Thursday, January 6, 2022

College of Education Associate Professor Emeritus Linda Fielding died June 18, 2021, from complications related to Alzheimer’s disease.

Fielding retired in 2016 after serving more than 25 years in a variety of positions in the college, influencing countless students. This includes serving as associate chair of the Division of Curriculum and Instruction, associate dean of Teacher Education and Student Services, and as an associate professor of Elementary Education and Language, Literacy, and Culture (LLC).

Fielding’s research interests included classroom techniques for improving literacy learners, and literacy instruction for students and teachers. Through her scholarship and leadership, she was instrumental in the success of the LLC program.

Associate Professor emeritus Renita “Nita” Schmidt, who pursued her doctorate in the LLC program in her mid 40s, says that Fielding was first a mentor, and then a colleague and friend.

That first semester, I spent hours and hours with Linda as we planned for class and discussed student work,” Schmidt recalls.  “I learned ‘ways of being’ a professor. She really did all the work that semester, but she always made me feel as if I was instrumental and a partner.”

Schmidt says that Fielding was a patient professor who provoked her students to think deeply and critically.

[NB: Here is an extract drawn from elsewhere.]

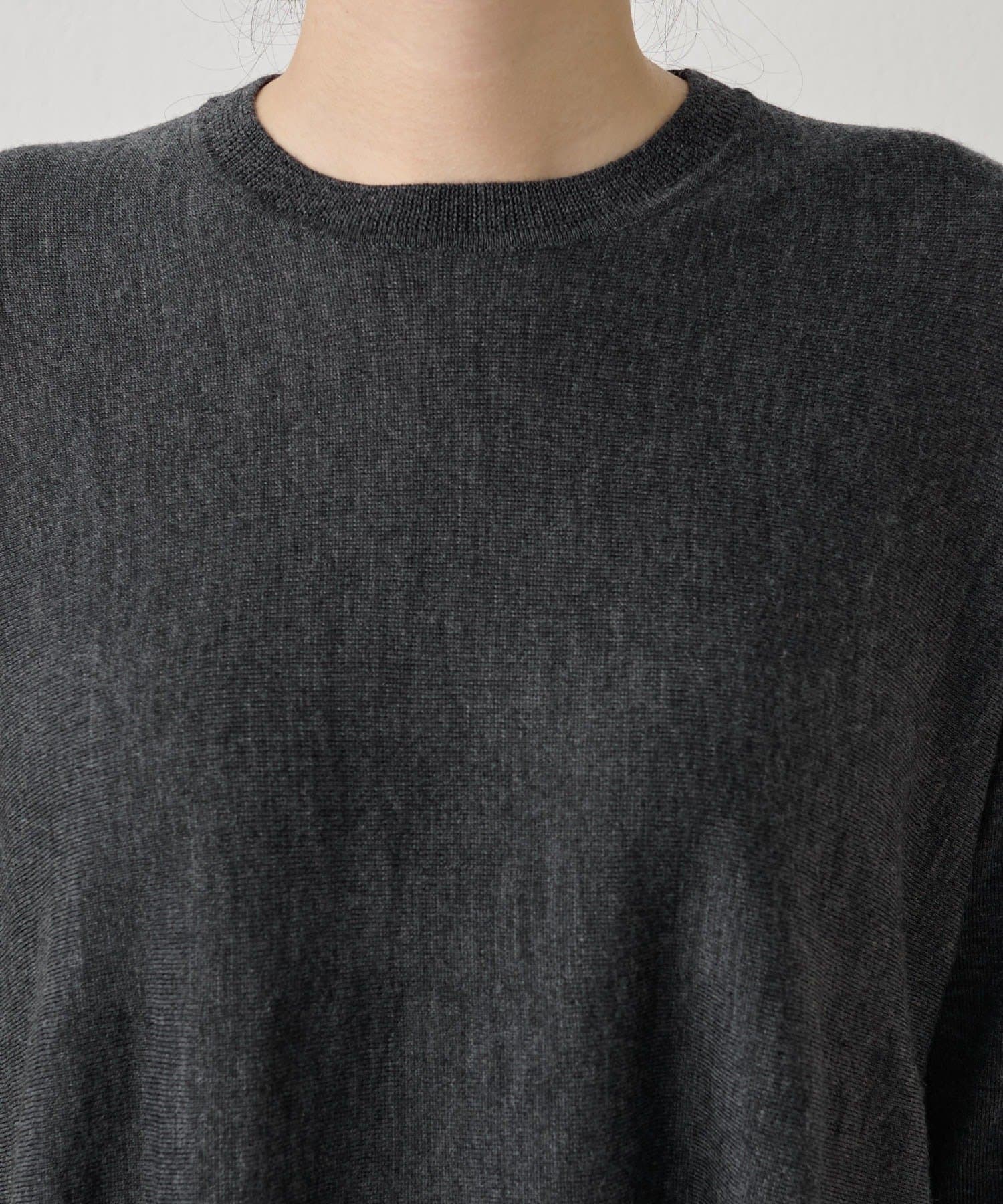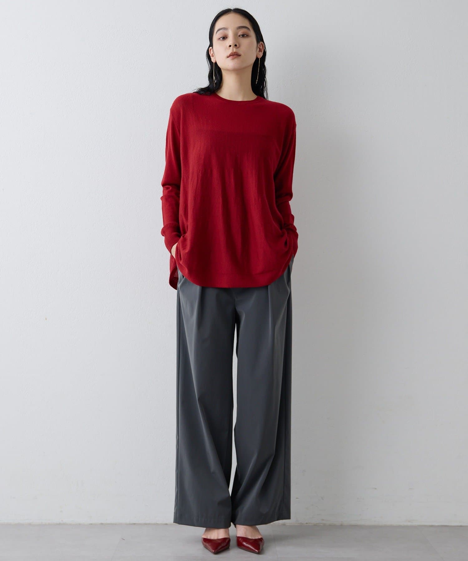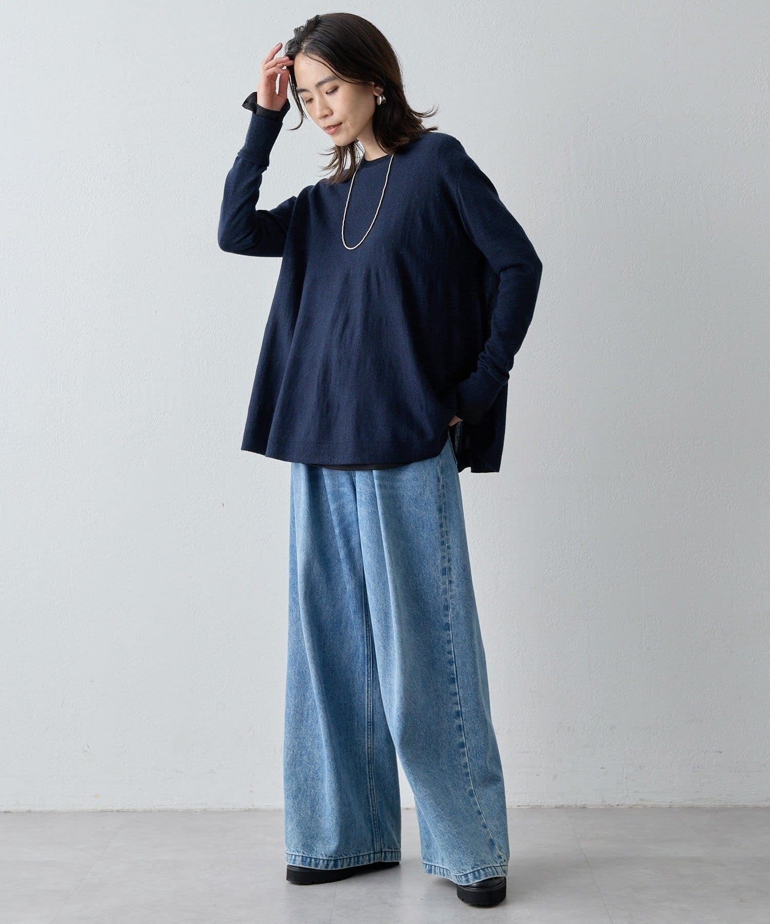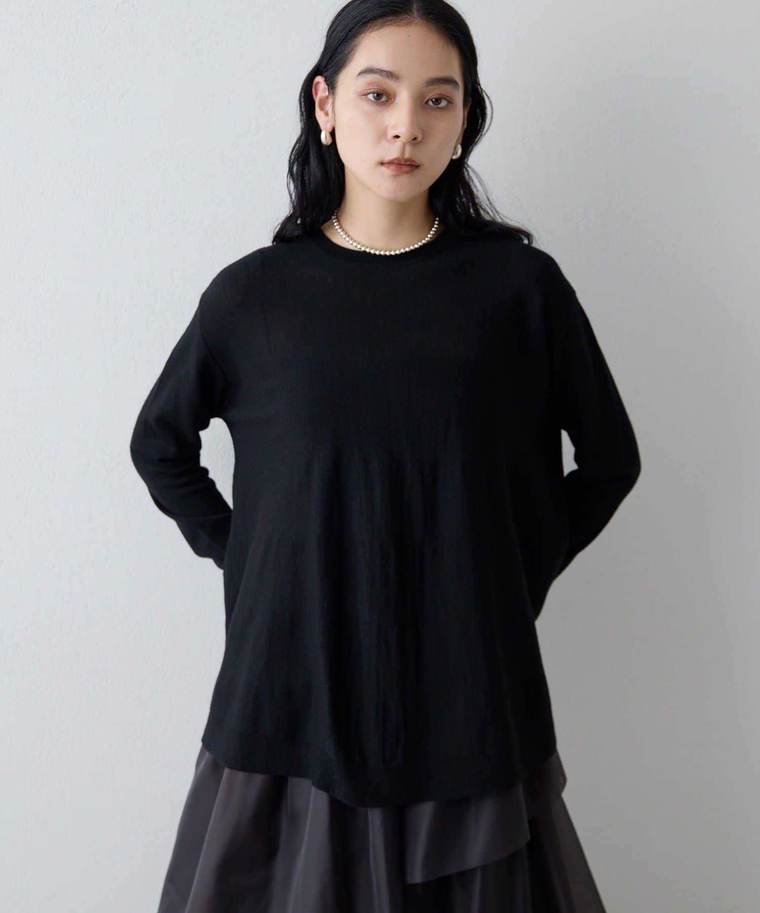 店頭でも人気のクルー裾ラウンドニット。お尻や腰回りもカバーしてくれる、優秀なニット。さらさらの肌触りです。

“I have never seen anyone with better wait time in classroom settings than Linda Fielding. She would pose a question in class and then smile and wait. Her smile was absolutely the best,” Schmidt says. “Allowing wait time produced rich and thick responses with diverse answers from differing viewpoints. She was an amazing teacher.”

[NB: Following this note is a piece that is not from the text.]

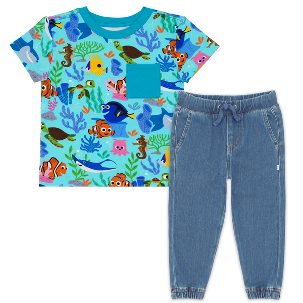 Click to see full screen - Dancing child wearing the Disney Nemo's Reef Relaxed Pocket Tee with denim joggers

Devin Redmond, Developmental Reading Program alumnus who is currently the teacher librarian at Coralville Central Elementary School, agrees with that sentiment.

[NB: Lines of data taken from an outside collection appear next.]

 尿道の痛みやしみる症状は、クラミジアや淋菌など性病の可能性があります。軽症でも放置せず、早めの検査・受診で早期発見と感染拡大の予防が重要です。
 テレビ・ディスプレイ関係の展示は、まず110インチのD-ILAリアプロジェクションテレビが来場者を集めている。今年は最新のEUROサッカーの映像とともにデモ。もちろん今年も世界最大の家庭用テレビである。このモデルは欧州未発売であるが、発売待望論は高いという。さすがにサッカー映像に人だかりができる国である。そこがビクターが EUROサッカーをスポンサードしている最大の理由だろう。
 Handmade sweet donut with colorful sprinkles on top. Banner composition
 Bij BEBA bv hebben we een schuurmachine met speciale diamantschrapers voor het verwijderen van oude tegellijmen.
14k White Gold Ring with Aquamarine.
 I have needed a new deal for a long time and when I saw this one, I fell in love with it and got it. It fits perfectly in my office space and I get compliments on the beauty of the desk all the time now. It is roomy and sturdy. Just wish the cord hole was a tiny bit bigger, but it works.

As a strong intelligent woman and educator, Dr. Linda Fielding will always have a special place in my soul,” Redmond says. “I can still picture her handwriting on the papers I turned in; her comments were plentiful, helpful, and encouraging.”

Redmond says Fielding led a Reading Clinic, a hands-on, intense six-week course that taught her a great deal about students and reading.

“Dr. Fielding asked me to be her teaching assistant, an honor I couldn’t believe was bestowed upon me, and later, she even trusted me to teach my own class,” Redmond says. “As I think about her now, I realize that she was a master at Vygotsky’s Zone of Proximal Development. In layperson’s terms, this is when a teacher knows just the right push and amount of nudge a student needs to reach their next level of understanding. Linda didn’t know the right touch because of a test score or a data point. She knew because she thought about her students as humans, she observed them, listened to them, and kept universal big ideas of lifelong learning in the forefront.”

In addition to being an exceptional teacher, Fielding was also an accomplished scholar. She was a well-known reading researcher who did groundbreaking and seminal work on reading comprehension in the 1980s with Richard Anderson and P. David Pearson at the University of Illinois. Her citations are frequent in reading methods books for teachers and scholars around the world. 

“Linda was very humble about her academic research, “Schmidt says. “It was just what she did.”